Resilience focuses more on how quickly system problems can be addressed and corrected to preserve the continuity of operations within acceptable parameters. A control system designed with some sense of resilience in mind is expected to maintain an adequate level of operational normalcy in response to disturbances and potential changes that impact performance.

The LogMate software for Alarm Management is used in process control applications to provide working insight into the performance of processes and delivers information in a meaningful context for improved troubleshooting and faster decision-making. Many organizations that have requirements to analyze performance and have an uninterrupted collection of alarms and events, also have determined that Alarm Management is part of their redundancy and resilience considerations. This may even be required by regulatory oversight that enforces reporting and auditing.

Cold Redundancy – Low Resilience

These systems are often considered a lower priority and may be acceptable if offline for extended periods of time. There may be components that need service, repair, or replacement. Backup components are typically not in a ready state for use but are readily available.  Oftentimes there are manual procedures in place to return to bring the process back online.

Budgetary considerations for low resilience systems are relatively small since some components may be completely ignored while others may be designated as “deal with it if and when something happens.”

Warm Redundancy – Medium Resilience

These systems are typically designated medium priority and will have tighter constraints on tolerable downtime. Redundant components are expected to be more immediately available, on hand, and possibly simple to boot up to an operational state. There may be some manual as well as automated procedures to bring the process back to normal.

Additional budgetary concerns may exist due to increased costs associated with procuring, storing, and maintaining redundant components.

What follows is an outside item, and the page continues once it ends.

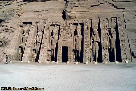 This temple was carved into the rock to honor the wife of the Sun God, the goddess Hathor. Ramses II, probably, wanted to draw a parallelism between he and his wife, and Ra and his wife, Hathor.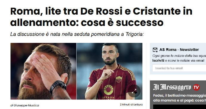 24直播网讯 北京时间8月29日,来自外媒Rai Sport的报道,新赛季内忧外患的意甲豪门罗马俱乐部,爆发了严重的将帅冲突。主帅德罗西与意大利国脚克里斯坦特在训练中直接动起了手。

Hot Redundancy – High Resilience

These systems have very high priority with very little to no downtime projected. Redundant components may actively run in parallel, are maintained similarly to the primary system, and are ready to put in service with minimal procedures to failover (manual or automated).

There are serious deliberations regarding budget when involving complete secondary (tertiary, etc.) systems as costs for implementation and maintenance can build up quickly. Since those costs are characteristically associated with alleviating risks of downtime, they may be deemed acceptable to maintain operations.

Resilience and Alarm Management

LogMate High Availability module addresses the need for those processes mandating high resilience that include retaining insight into alarms and events, whether it’s due to regulated environments or because of audit requirements. LMHA allows two Capture servers (alarm and event data collection and processing servers) to back each other up to ensure failover continuity between primary and standby systems.

This backup approach ensures the data is continually collected by the primary and secondary servers seamlessly and in sequence (record ID, sequence number). This reduces and potentially eliminates disrupting the normal operations of collecting data, thus maintaining continuous insight into system performance (detecting upsets and maintaining logs, performance analysis).

LMHA can also be configured to run as a Windows service on the primary server that performs a soft handshake with the secondary server during normal operation or before a failover, and a hard failover if the primary server goes offline.